College admissions have increasingly become more competitive and anxiety provoking for students and parents.

This is caused by several factors: there are more students applying to college than in the past. And that means more people with which to compete for admission. This is driven by higher percentages of high school graduates attending college, but also due to population shifts.

But, in today’s world, at least students and parents don’t need to worry about their son or daughter being discriminated against because of their gender — right?

Wrong.

Doesn’t Title IX outlaw discrimination in college admissions?

Only for public schools, but not for undergraduate admission at private colleges and universities.

Although more students are enrolled in public colleges and universities (because they’re on average larger institutions), there are more than double the number of private four-year institutions than public ones.

Title IX, which was an amendment to the Civil Rights Act of 1964, was passed in 1972. The Civil Rights Act of 1964 did not prohibit against gender discrimination in public education. When Title IX was being proposed in the early 1970s, private colleges and universities – especially the politically influential elite schools – argued for exemption.

As outdated and offensive to many today, in the early 1970s, Harvard, Princeton, and Yale argued that most women seeking college admissions were just seeking their “Mrs. Degree” (attending college only to find a husband). They argued that requiring admissions official to ignore gender, allowing more women to attend these elite private colleges and universities would “degrade” student body “quality.”

Support for Title IX was not preponderant and its passage into law was in doubt.

Given the significant influence these institutions had, especially upon law makers at the time, proponents of Title IX gave in to the exemption to ensure Title IX’s passage.

Exemption for private college undergraduate admissions

Section 1681(a)(1) of Title IX specifically exempts undergraduate admissions policies and practices at private colleges and universities:

…in regard to admissions to educational institutions, this section shall apply only to institutions of vocational education, professional education, and graduate higher education, and to public institutions of undergraduate higher education.

The 60/40 rule

According to an NBC News report, 70 percent of high school valedictorians are female. Why would any college or university not want the best students, even if they are mostly female?

Because admissions directors have realized — using admissions and market data — that the most desirable male and female students avoid schools that appear too single gender, meaning mostly female (overall, 59 percent of all undergraduate college students are women, though likely more, the most recent data seems intentionally kept unclear).

These admissions directors argue that having gender balance is seen by educators and both male and female students as an important part of the educational environment.

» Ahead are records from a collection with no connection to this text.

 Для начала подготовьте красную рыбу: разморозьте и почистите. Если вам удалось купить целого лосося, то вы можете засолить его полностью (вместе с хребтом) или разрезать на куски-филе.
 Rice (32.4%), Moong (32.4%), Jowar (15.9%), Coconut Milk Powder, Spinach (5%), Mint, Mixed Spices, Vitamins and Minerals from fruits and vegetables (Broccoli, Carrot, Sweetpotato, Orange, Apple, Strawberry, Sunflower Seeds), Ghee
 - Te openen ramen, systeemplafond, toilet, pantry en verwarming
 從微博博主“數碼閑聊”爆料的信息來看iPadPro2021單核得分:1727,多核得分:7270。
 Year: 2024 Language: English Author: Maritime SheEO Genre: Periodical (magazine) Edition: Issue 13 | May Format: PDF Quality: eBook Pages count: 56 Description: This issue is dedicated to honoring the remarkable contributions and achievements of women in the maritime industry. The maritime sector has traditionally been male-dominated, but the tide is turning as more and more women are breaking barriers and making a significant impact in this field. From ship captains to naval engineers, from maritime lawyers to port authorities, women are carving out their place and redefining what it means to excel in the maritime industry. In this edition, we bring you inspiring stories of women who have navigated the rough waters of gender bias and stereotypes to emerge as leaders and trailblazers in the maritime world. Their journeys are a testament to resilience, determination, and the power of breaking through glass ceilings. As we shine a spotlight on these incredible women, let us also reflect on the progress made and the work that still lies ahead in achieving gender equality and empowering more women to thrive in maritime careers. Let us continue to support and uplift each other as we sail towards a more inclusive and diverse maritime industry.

Based on market data, admissions officials have followed a self-imposed “rule”: avoid approaching or exceeding 60 percent female.

So what does this mean?

In California, as an example, all University of California campuses, the California State University campuses , and community colleges cannot use gender when considering an offer of admissions, because they are public schools and therefore not exempt from Title IX. So male students, even if they are a significant minority of applicants, cannot be given preference just to create more equal numbers.

But this is not so for private undergraduate colleges and universities, in California and across the entire United States.

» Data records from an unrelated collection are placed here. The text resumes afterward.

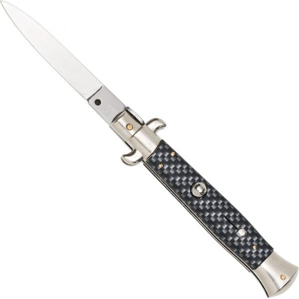 Die Sicherung im Griff verhindert ein unbeabsichtigtes Aufspringen der Klinge. Die Griffbeschalung ist aus Kunststoff im Carbonfiber-Look.
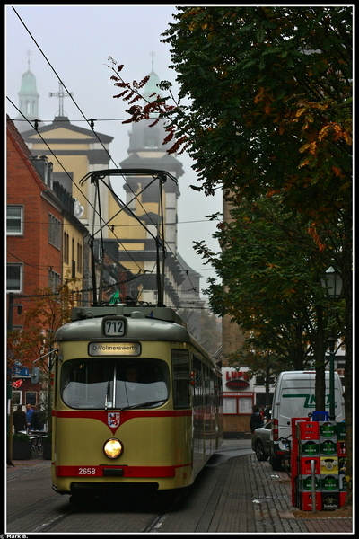 In den nächsten Jahren ist dieser Abschnitt in der Innenstadt untertunnelt. 2658 und sein treuer Begleiter 1647 fahren in die Haltestelle Heinrich Heine Allee ein.
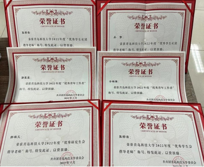 团委书记郭蒙蒙、团委老师安柏雅荣获2022年度优秀青年工作者,团委老师张郁浩、郝雄文荣获2022年度优秀学生会(研究生会)指导老师,团委老师吴擎、张郁浩荣获2022年度优秀学生社团指导老师。
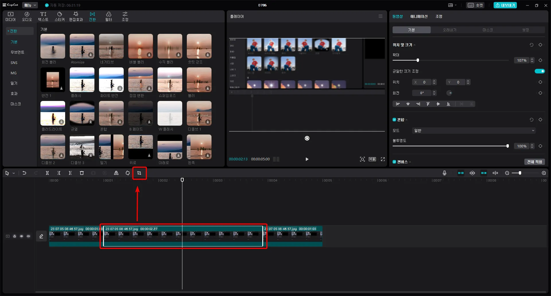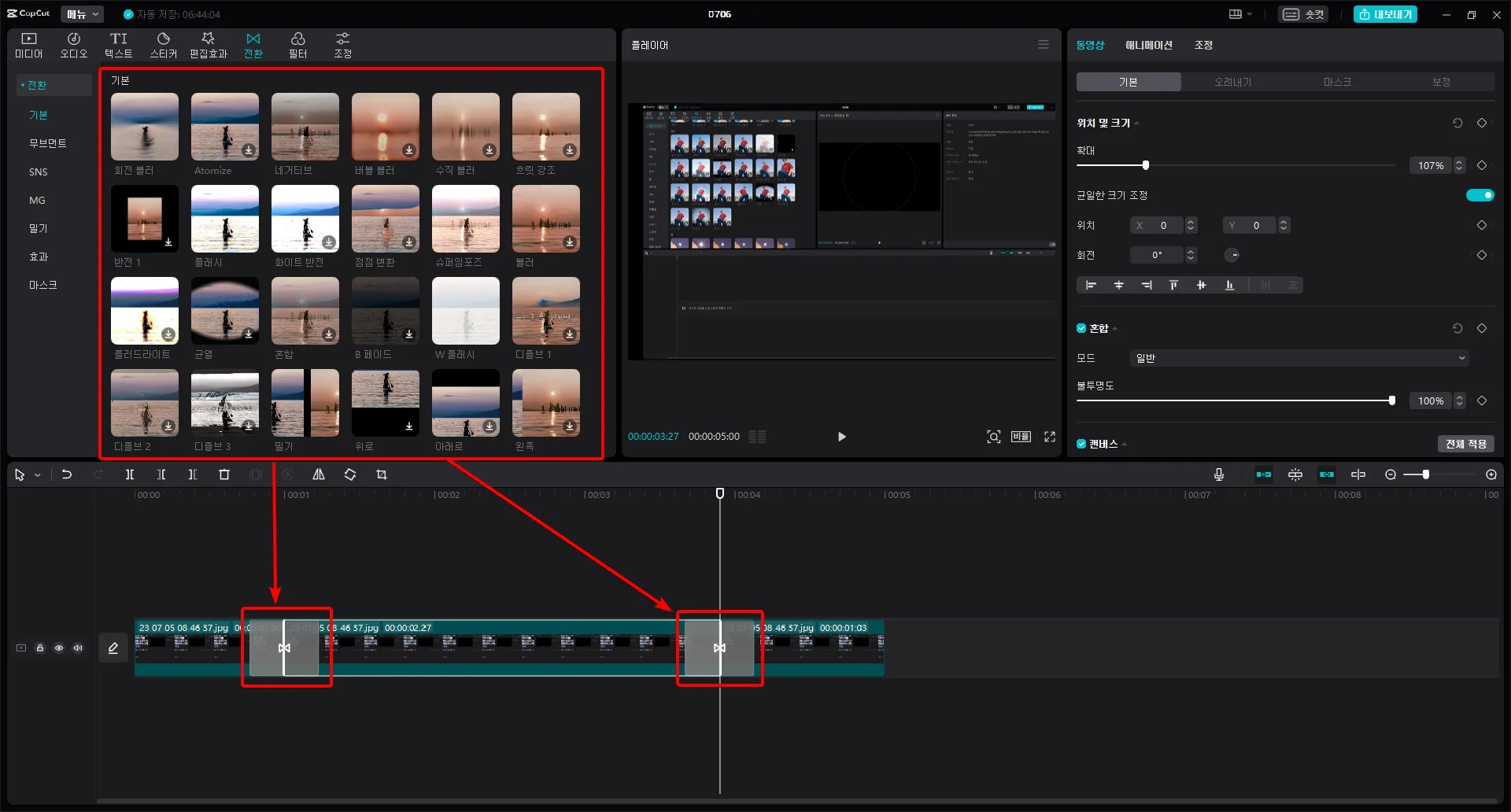 - 일반 배율의 클립과 확대된 부분의 클립 사이에 전환효과를 추가하거나,
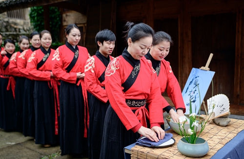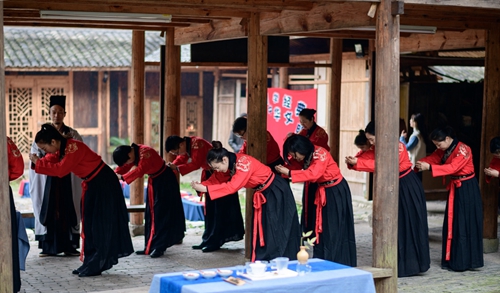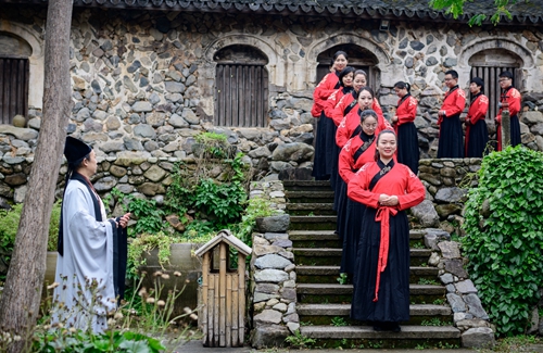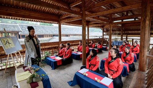 課堂正式開始前進行了一場隆重的“開學(xué)儀式”。 據(jù)《禮記》記載:“禮義之始,在于正容體,齊顏色,順辭令。”因此,第一課即是“正衣冠”。同學(xué)們換上漢服,一一站立,由先生依次檢查,然后“衣冠整齊”地排著隊集合。之后按照先生的要求,將手放到水盆中“凈手”,寓意凈手靜心,去雜存精,希望能在日后的學(xué)習中專心致志、心無旁騖。步入學(xué)堂后,舉行拜師禮,同學(xué)們向至圣先師孔子三叩首、進獻“釋菜禮”,寓意尊師重道、勤奮好學(xué)。
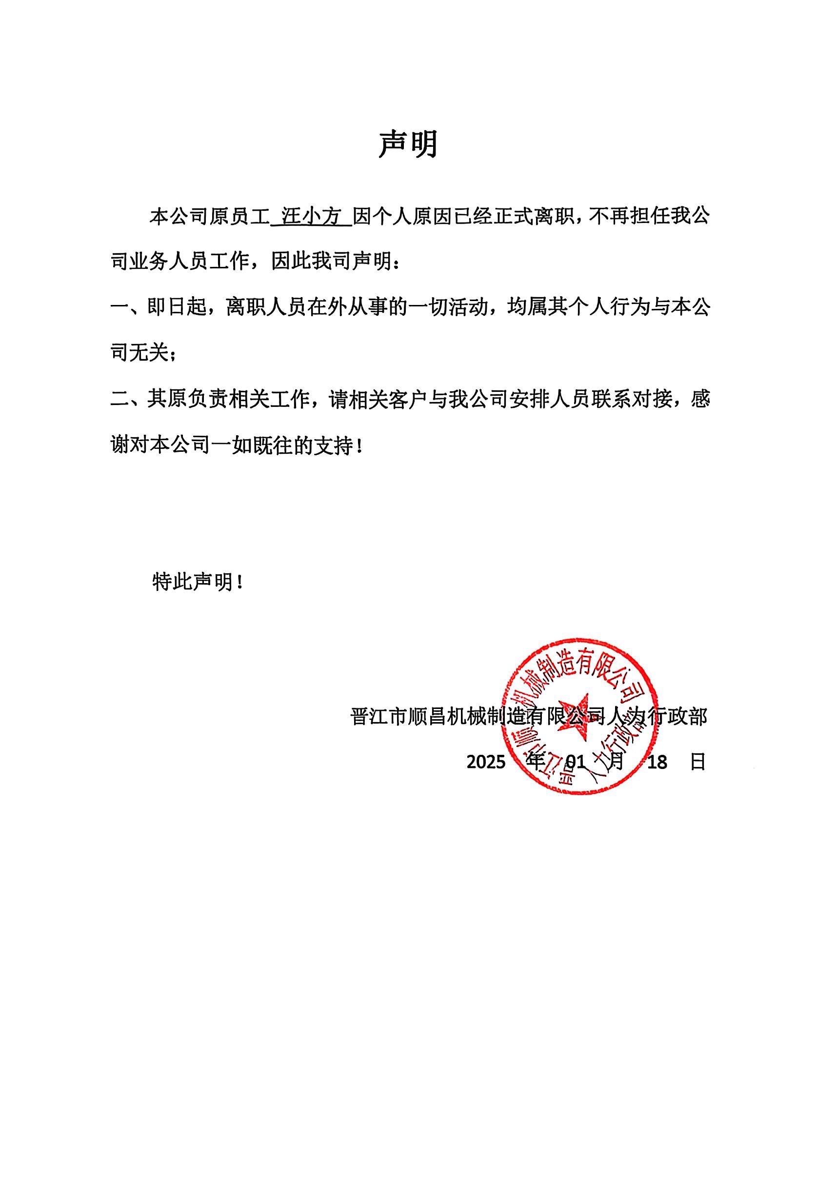 關(guān)于業(yè)務(wù)人員汪小方離職聲明

Therefore, depending on the schools into which a student seeks admission — the majority of four-year and all the top 20 institutions ranked by U.S. News & World Report’s annual college rankings are private colleges and universities — male and female college applicants may indeed need to have differing strategies about where and how to apply to have the best chances of admission to a school of choice.

Unfair and blatantly discriminatory it may be, but, until it is changed, the law allows — and the market seems to incentivize — lower admissions standards for males at private colleges and universities to keep gender percentages becoming too unbalanced.

Keeping this fact in mind may be crucial as students and parents plan their college admissions strategies.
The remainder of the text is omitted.